Could the data below be copied exactly, minus the pictures?

GIVEN DATA:
------------------------------------------------

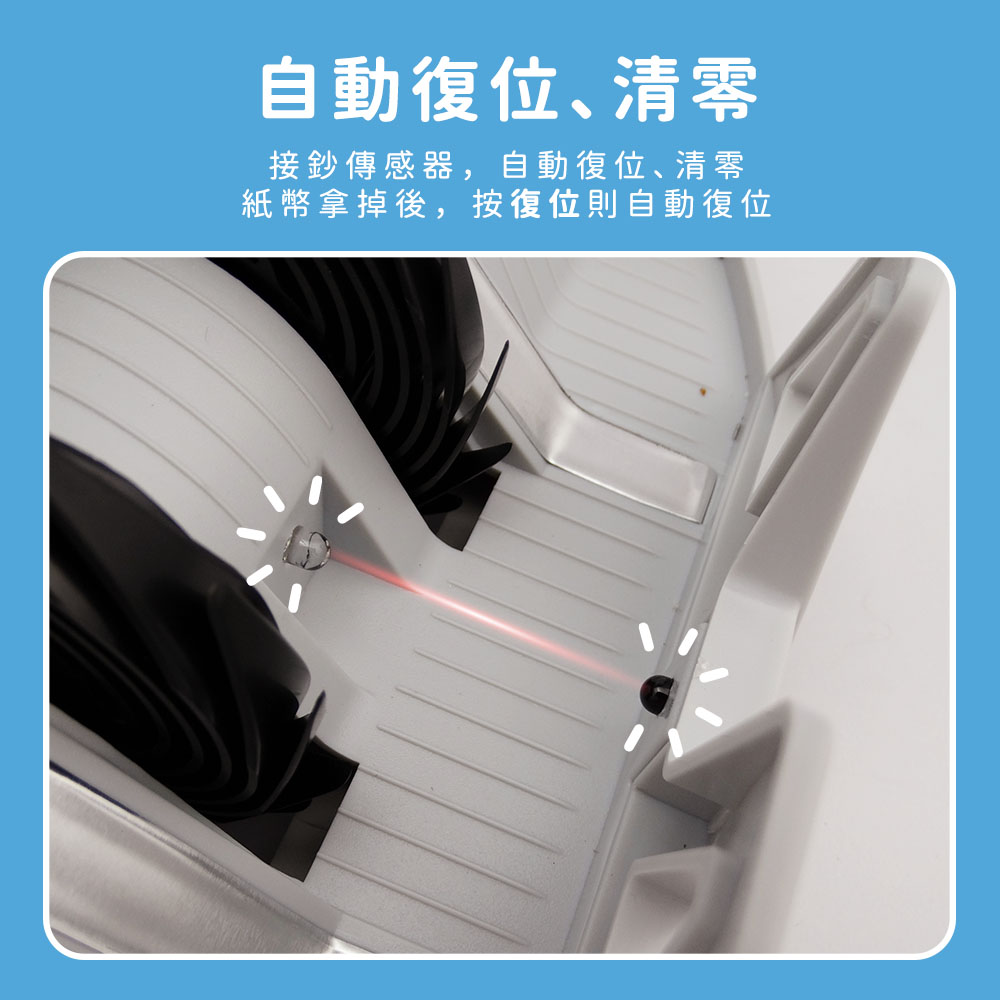 -接鈔傳感器,自動復位、清零,紙幣拿掉後,按復位則自動復位。
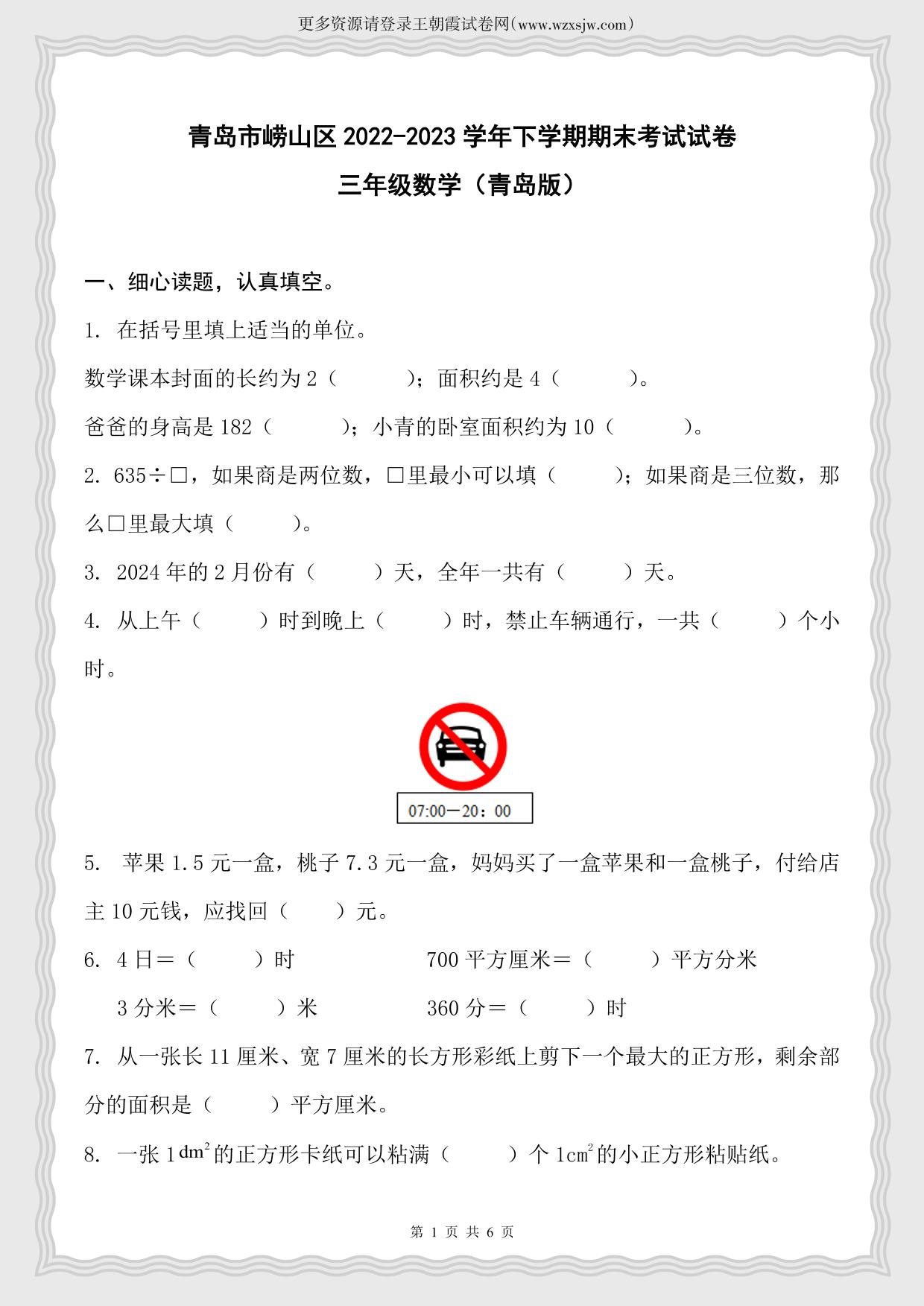 山东省青岛市崂山区2022-2023学年下学期期末考试试卷三年级数学(青岛版)
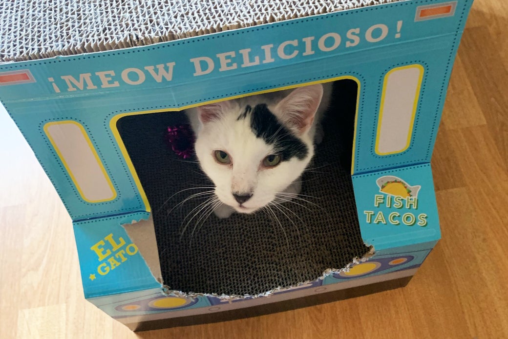 Fray can be a little shy when meeting new people but comes around quickly, especially if you have treats! He loves to play with string toys and bat around mouse toys or pieces of paper. He absolutely loves his cardboard scratchers!

------------------------------------------------

REPLY TO THE TASK:
 -接鈔傳感器,自動復位、清零,紙幣拿掉後,按復位則自動復位。
 山东省青岛市崂山区2022-2023学年下学期期末考试试卷三年级数学(青岛版)
 Fray can be a little shy when meeting new people but comes around quickly, especially if you have treats! He loves to play with string toys and bat around mouse toys or pieces of paper. He absolutely loves his cardboard scratchers!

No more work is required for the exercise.